My mum tells the story of what happened to her best friend who had been married twenty years. Let’s call her Susan. One day she came down for breakfast to find the table laid but her husband missing. She had two sons and in front of their plates were two letters with their names printed on the envelope. When the boys (who were 10 and 12) opened them they found an account written by their father who wrote that he was terribly sorry but he was leaving their mother (my mum’s friend) for another family. It turned out the affair Susan had discovered her husband had been having 15 years ago hadn’t ended, as he had promised, but continued to flourish and he and his mistress had gone on to have two children.
This devastating news he thought appropriate to pass on to his young sons via a letter. To Susan he had written nothing. Just left. She later discovered he had been earning twice what he had told her, using the extra money to finance his second family while Susan scrimped and saved, thinking money was tight. It took Susan years to recover.
My beautician told me one of her clients had the worst Christmas ever. She and her husband had been married for ten years and had three children. Throughout that time the woman’s best friend, who was divorced with two children, visited regularly, went on holiday with them and was part of the family. All was going swimmingly until the husband announced AT THE CHRISTMAS DINNER TABLE in front of BOTH sets of young children, that he and the friend had been ‘exploring their feelings together’ and was leaving the wife for the friend. They all had a big row and the husband and friend ran off leaving the wife to look after all the children!
Crappy behaviour by men is something with which we can all identify. Now don’t get me wrong, I am not a man hater. I have a gorgeous (second) husband and I love my brother, and of course, Daryl Dixon. Nothing against men. And of course the stories I hear tend to be from the woman’s perspective. I know damn well there are plenty of examples of shocking behaviour by women, but today – you lucky people – I thought I’d tell you the story of bad behaviour by two people who were very important in my life 25 years ago: my then best friend, let’s call her Jezebel or Jessie for short, and my first serious boyfriend then husband – I’ll call him Arse.
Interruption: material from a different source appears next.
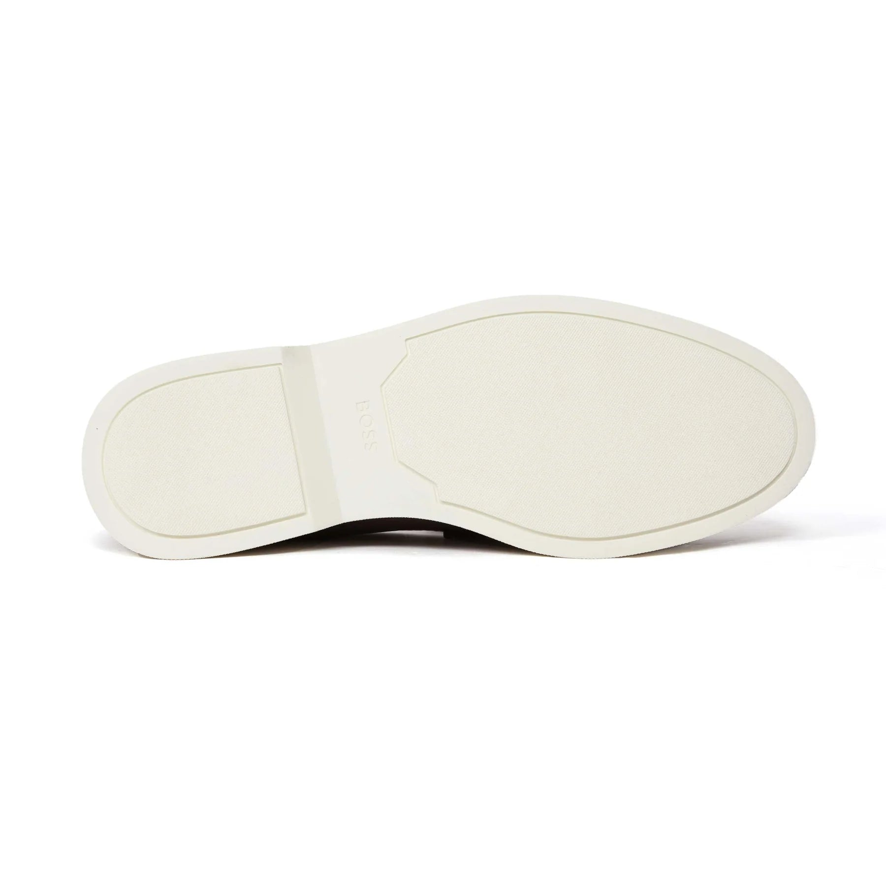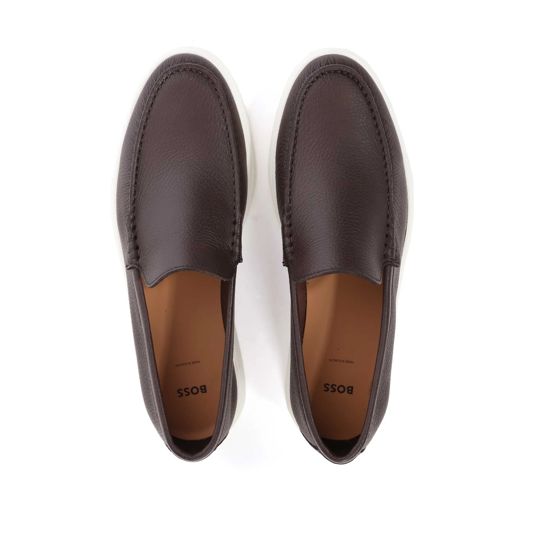 BOSS Sienne Moccasin Shoe in Brown. Slip on loafer style shoe by BOSS. Crafted from a textured soft leather with a rubber outsole. Featuring a contrasting colour sole. Embossed BOSS logo to the slip on entry. Perfect to wear with chinos or shorts.
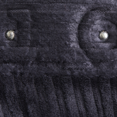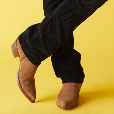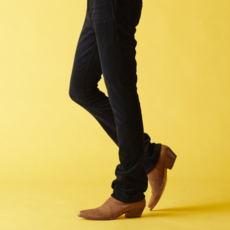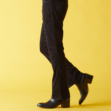 5ポケットのコーデュロイパンツの足元にあわせたのは、ポインテッドトゥ&スタックヒールのスェードブーツ。裾のくしゅっとしたたまりも絶妙で、アンクルブーツとのコントラストも……

I met Jessie at sixth form and we hit it off straight away. One of my closest friends had recently moved to America leaving a big gap in my life. Jessie was funny, irreverent and clever. An interesting and complicated personality, her slight darkness complemented my silly, optimistic naivety and we quickly became best friends. Along with Guy who quickly became a central pillar of our triumvirate, we rock and rolled our way through sixth form and I was sad to go off to university without her. By the power of the handwritten word and landlines (seems ridiculously old fashioned now) we kept in touch.
The first term I was away, the central topic of conversation was breathless descriptions of my first serious relationship with someone I met in the halls of residence. His name was Arse. He was short, but striking looking with high, Slavic cheekbones and thickly lashed dark brown eyes. He also had weirdly small teeth like little seed pearls stuck in his gums. Oh and a gigantic nose, but I didn’t really notice when I first met him as I only saw him head on and he kept his mouth shut. He also had a very thin long plait which came down his back like the young Darth Vader.
At the time I thought it looked cool, but looking back it just made him look like a knob.
He would wear a long Russian great coat and DM boots. All very on trend in the early 90’s. Although I was over 18 by then, I hadn’t had any significant relationships so was pretty bowled over when he showed an interest in me. He was very confident, which was attractive and made up for the nose and teeth.
My most romantic moment with him ever was standing in a seething mob of students at a bar. Loud music, the stink of spilled beer and Guinness – oh and the ubiquitous Newcastle Brown Ale, or Newkie Brown Ale, which I used to pretend to like but absolutely hated. (I preferred snakebite and black). We were standing close together and Arse was holding two pints of beer. ‘I don’t know whether to drink my beer or kiss you,’ he said provocatively.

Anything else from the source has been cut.